Bad bad bad writing advice

Holly Black wisely points out that all writing advice can be bad. And Sherwood Smith writes some excellently out-and-out bad writing advice: “Write it in a week and send it instantly because professionals don’t revise. They get it right the first time.”

That’s like the worst advice ever. Can anyone top that?

The worst I can come up with are all variations on Sherwood’s: “Your first drafts are genius. Don’t change a thing!” Though how about, “It’s always best to invent your own system of spelling. It makes you stand out as a writer.”

I can think of lots of post-publication advice that would lead to career suicide:

  • Make sure to email your publicist every day to make helpful suggestions for selling your book.
  • Your editor and copyeditor are always wrong. Feel free to entirely ignore their edits.
  • Call your agent often demanding to know why they haven’t gotten you on Oprah yet.
  • If you are on a panel at a convention make sure you stay on message and steer all conversation back to you and your book. Make sure you bring a great big stack of them to show everyone.
  • If your local bookseller doesn’t have your book. Demand to know why. Do they not know who you are?!

I will stop now. This is making my brain hurt. But feel free to suggest more.

15 comments

  1. marrije on #

    don’t use ‘he said/she said’ all the time. it’s boring and makes people think you don’t have a nice large vocabulary. one ‘said’ is OK, the rest of the dialogue attributions should be different verbs (all of them only used once).

  2. marrije on #

    oh, and only write what you know, i.e. about your own life and what you have actually experienced.

  3. innle on #

    Characters can never be too omniscient or overpowered. NEVER!

  4. Barry on #

    chapter breaks are for the weak and feeble-minded. if people can’t keep up, screw ’em!

  5. niki on #

    but I’ve lived my entire life by the “invent your own system of spelling” part – how ca it be wrong ????

  6. Celia on #

    Punctuation is for the weak.

  7. Sherwood Smith on #

    Criticism just means they’re jealous. let the critics natter of trivia—they’re simply too small-minded to comprehend your greatness.

  8. Mike on #

    barry is right, chapter breaks are for the weak, just like punctuation, but the story line has to be simple and clean

  9. holly on #

    If it really happened, then you don’t have to worry if it reads believably!

  10. Diana on #

    “you have to do it just like this or you won’t get published.”

  11. Barry on #

    “kill your darlings.”

    uh, they’re my darlings for a reason…

  12. parker on #

    “adverbs are your friend”

    “there’s no such thing as toom many ajectives”

  13. parker on #

    let me re-phrase:
    “there’s no such thing as too many adjectives”

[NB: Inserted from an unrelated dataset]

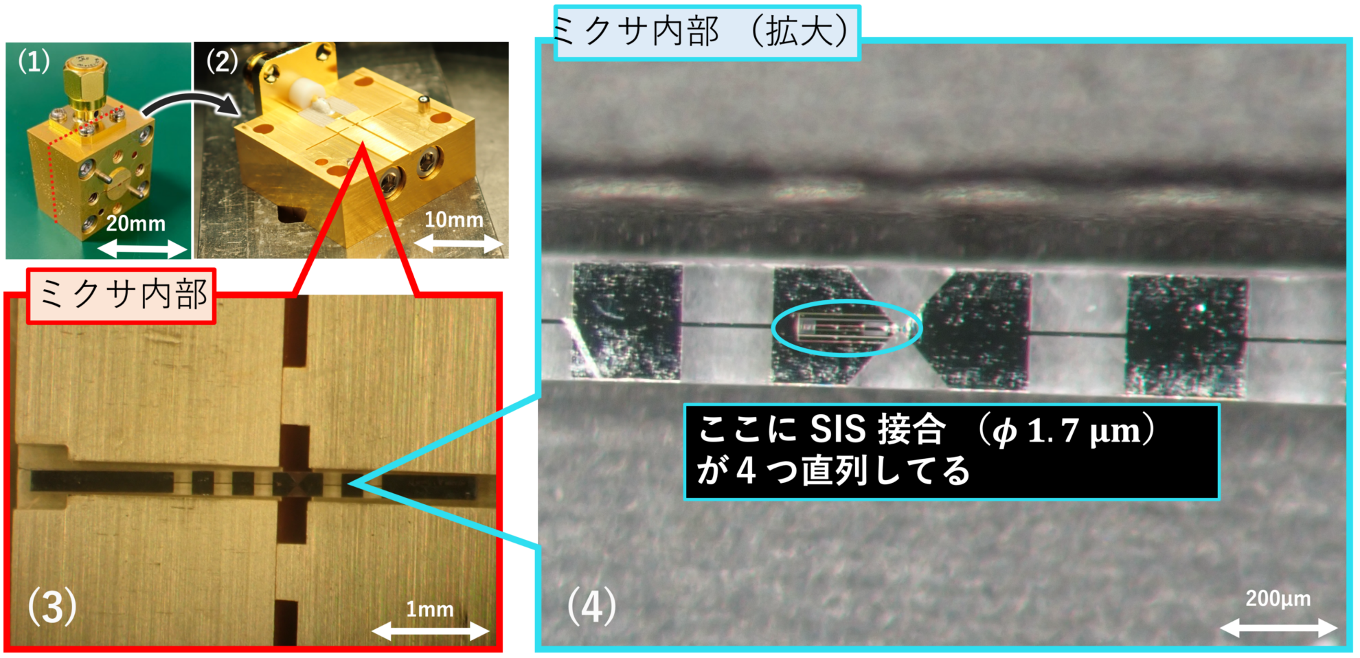 特に、100 GHz を超える高い周波数では、それを受信するために特殊な素子が必要になります。その要となるのが、超伝導検出器である「SIS ミクサ」です。この素子は、SIS 接合と呼ばれる超伝導物質の間を絶縁体ではさんだ接合を持ち、その接合において電流が絶縁体を飛び越えて流れる量子トンネル効果を利用して、高感度に周波数を変換する機能を持ちます。

    “never proof read your own writing” – or your blog comments…

  14. Justine on #

    That’s terrible bad advice, Parker. I am deeply against injunctions against parts of speech! Will people stop persecuting adjectives and adverbs! What next no articles? A ban on pronouns? Prepositions?! Gah!

  15. parker on #

    from the high, decorative window in my austere yet functional writer’s garret i carefully considered your prudent response to the brash bad advice i innocently offered—and while i was thinking deeply, i clearly observed the cloudless, azure sky delicately reflected in the tranquil, fresh-water pond far below—and soon i was so completely distracted from the earnest task i had recently begun that i had utterly lost the winding track . . .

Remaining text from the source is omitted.